Once you have the dataset downloaded, you can use the Upload Data functionality of SQL Developer Web to create the table and upload data:

Image for post

Change data types using your best judgment and you’re ready to roll!


Preparation and exploration

I don’t want to mess anything up with the source table, called titanic, so let’s make a copy of it:

CREATE TABLE cp_titanic AS 
SELECT * FROM titanic;

Let’s just make a quick Select to verify everything is as it should be:

SELECT * FROM cp_titanic;
Image for post

Awesome! If you’ve done any work with this dataset, you know the Agecolumn is the most problematic one when it comes to missing values. Let’s just check how many there are:

SELECT COUNT(*) AS num_age_missing 
FROM cp_titanic
WHERE age IS NULL;
Image for post

Now that’s a lot if we take into account that the dataset has less than 1000 rows. For that reason, we need to figure out how to fill these missing values and do so in an easy and automated fashion.


Imputation time

To handle missing data imputation, we’ll create a PL/SQL procedure. Don’t worry if you don’t know what that is, as it will be utterly simple to follow along. Before we do anything in code, let’s list things this procedure should do:

  1. Obtain a value used for imputation (mean/median/mode will do the trick for this simple example)
  2. Make an update to the table — replace NULL values with the calculated value

Great! This shouldn’t be hard to do. We’ll also be accepting some input from the user — 3 parameters to be more precise:

  • Table name — text representation of a table where missing data is located
  • Attribute — a column which contains missing values
  • Impute method — a way on which imputation is done — either mean, median, or mode

And that’s all we have to know to get started. Let’s create a procedure with what we know so far:

CREATE OR REPLACE PROCEDURE impute_missing(
in_table_name IN VARCHAR2,
in_attribute IN VARCHAR2,
in_impute_method IN VARCHAR2 DEFAULT ‘mean’
) IS
BEGIN
END;
/

Awesome! Below the IS keyword we’ll declare some other variables — for holding things such as impute function that will be used, a statement for getting the average value, the average value itself, and an update statement. Our procedure now looks as follows:

CREATE OR REPLACE PROCEDURE impute_missing(
in_table_name IN VARCHAR2,
in_attribute IN VARCHAR2,
in_impute_method IN VARCHAR2 DEFAULT ‘mean’
) IS
impute_func VARCHAR2(16);
get_avg_stmt VARCHAR2(128);
avg_value NUMBER;
update_stmt VARCHAR2(128);
BEGIN
END;
/

The remaining of the code will be located between the BEGIN and ENDkeywords.

Impute method

As discussed earlier, our procedure can handle missing value imputation by using mean, median, or mode statistical functions. Also, those are values that the user can provide for the in_impute_method parameter.
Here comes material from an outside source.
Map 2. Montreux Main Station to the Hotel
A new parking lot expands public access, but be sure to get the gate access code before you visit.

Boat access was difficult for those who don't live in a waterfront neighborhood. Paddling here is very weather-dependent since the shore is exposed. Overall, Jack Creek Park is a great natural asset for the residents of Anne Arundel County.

The only problem is — these statistical functions are called a bit differently in SQL. We can use the CASE operator to handle this and store the result into impute_func variable. Here’s the code:

CASE in_impute_method
WHEN ‘mean’ THEN impute_func := ‘AVG’;
WHEN ‘median’ THEN impute_func := ‘MEDIAN’;
WHEN ‘mode’ THEN impute_func := ‘STATS_MODE’;
ELSE RAISE_APPLICATION_ERROR(-20001, ‘Invalid impute method!’);
END CASE;

That wasn’t hard, was it?

We’re almost halfway done, and the following parts are also plain simple.

Get the average value

To get the average value, we’ll have to use something known as a Dynamic SQL. This means we won’t hardcode the SQL statements, but instead, the statements get created based on provided user input.
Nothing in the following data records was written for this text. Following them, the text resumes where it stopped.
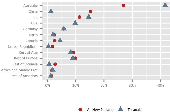
International tourist spend in Taranaki compared to all New Zealand international tourism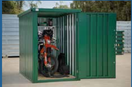
Bikestore - Flat-packed secure storage unit for cycles, motorcycles and tools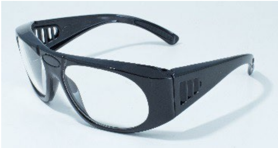
PS323 - $15.00 57-18-127 Black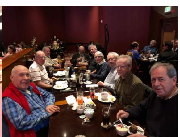
HUNGRY SHOPPERS FULFILLED AT THE CASINO.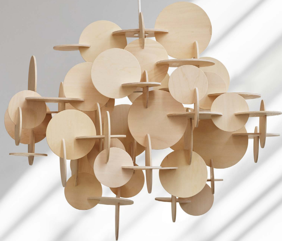
Bau Lamp small

The design is based on interlocking geometric circles, sticking out in all directions. Bau has an immediate pattern that is broken up by the discs' sizes and off-centre linkages, making the lamp living and organic in its expression.

Let’s see how to create a Dynamic query for getting the average value, with respect to parameters the user has entered (table name, attribute, and impute method):

get_avg_stmt :=
q’[SELECT ]’
|| impute_func
|| q’[(]’
|| in_attribute
|| q’[) FROM ]’
|| in_table_name;DBMS_OUTPUT.PUT_LINE(‘get_avg_stmt = ‘ || get_avg_stmt);

It might look and feel a bit strange until you get used to this, but you’ll see later what it all boils down to. This DBMS_OUTPUT line isn’t required, but it prints the get_avg_stmt to the console once we run the procedure.
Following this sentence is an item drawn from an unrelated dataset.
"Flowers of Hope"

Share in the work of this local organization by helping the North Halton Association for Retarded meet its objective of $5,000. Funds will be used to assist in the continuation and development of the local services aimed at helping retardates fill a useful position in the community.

This isn’t enough though, as we still need to execute this statement and store its result in the avg_value variable. It’s simple to do:

BEGIN
EXECUTE IMMEDIATE get_avg_stmt INTO avg_value;
END;DBMS_OUTPUT.PUT_LINE(‘avg_value = ‘ || avg_value);

This part is now done, and now we should somehow make an update to the table to actually fill the missing values. Let’s see how.

Imputation

If you’ve understood the previous section, you’ll understand this one. Once again, we need to create a SQL statement dynamically and execute it. The only difference is that this time results won’t be stored in a variable, as that makes no sense for an UPDATE statement. The table is modified in-place, instead:

update_stmt :=
q’[UPDATE ]’
|| in_table_name
|| q’[ SET ]’
|| in_attribute
|| q’[ = ]’
|| avg_value
|| q’[ WHERE ]’
|| in_attribute
|| q’[ IS NULL]’;DBMS_OUTPUT.PUT_LINE(‘update_stmt = ‘ || update_stmt);BEGIN
EXECUTE IMMEDIATE update_stmt;
END;COMMIT;

The only new thing here is the COMMIT keyword. It is used to end the current transaction and make all of the changes permanent. If you’re not sure which statements have to be committed, here’s an explanation. You’re welcome.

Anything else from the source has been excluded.